Whereas, in the case of traditional banking, there are certain restrictions from the government regulators that the financial sectors have to follow regarding the identity of its customers which act as security checks for the fraudsters. No doubt there is still a high risk of fraud in these sectors but at least such cases can be tracked by the agencies.
Cryptocurrencies and Money Launderers
Cryptocurrencies work on peer-to-peer models leaving no involvement of central authority and tend to have low or sometimes no regulations. Because the transactions are monitored closely, it leaves room for criminal activities all across the world.
As the world is moving towards globalization, money laundering has become really easy by carrying millions of dollars across borders without getting caught through digital currencies. Cryptocurrency doesn’t require any identification proof, so it becomes a Heaven for criminals to use crypto for their personal benefits.
Empowering the Terrorists
Just like any other criminals, terrorists also find the cryptocurrency the safest mean of raising funds for their activities and making the financial statements online without intervening of any agency or fear of being caught. The problem is not the virtual currency but the phenomenon on which it is working i.e. keeping the identity anonymous.

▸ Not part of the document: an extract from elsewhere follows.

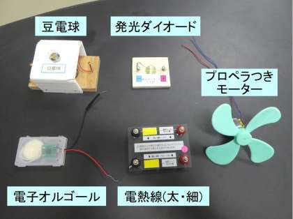 そのことをもとにして,いくつかの機器に,手回し発電機をつないで発電した時の手ごたえのちがいを調べました。

According to a study, around $5.2 billion were laundered in the year 2018 and that too only in Europe. Noticing the trend of such transactions, the government agencies took a decision of enforcing AML compliance all across the globe.
AML Compliance and Cryptocurrency
Cryptocurrency is a centre of attention for money launderers and cyber criminals due to its anonymity of end-users. But with the decision of the government to enforce AML compliance on all crypto-institutions, it is going to be difficult for fraudsters to remain anonymous and carry out their activities without being tracked.

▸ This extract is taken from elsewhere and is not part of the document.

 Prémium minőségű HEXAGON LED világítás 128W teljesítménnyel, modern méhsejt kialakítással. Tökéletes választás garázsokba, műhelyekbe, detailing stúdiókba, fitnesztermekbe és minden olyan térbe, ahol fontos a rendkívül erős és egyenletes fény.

AML screening services enable the institutions to have a background check on the end-users before allowing them to access the system. With the regulations getting stricter day by day, the organizations will have to bear the penalty in case of any negligence or violation of digital laws. Using the AML checks, cryptos can authenticate the users in order to gauge their legitimacy. There is a dire need for real-time AML measures for the organizations to meet the GDPR compliance.
Solving the Equation
Cryptocurrency has a great market potential not for individuals but for businesses as well; if the crypto platforms are regulated properly by government agencies and taking extensive steps in stopping the cybercriminals and money launderers. But currently, the organizations have failed to comply with anti-money laundering laws and regulations, which is why it is proving to be a bliss for criminals, however, affecting its market value. With the enforcement of AML compliance, the cryptos are no more going to be decentralized, and like other financial institutions, they will have to face the strict legal penalties in case of law infringement.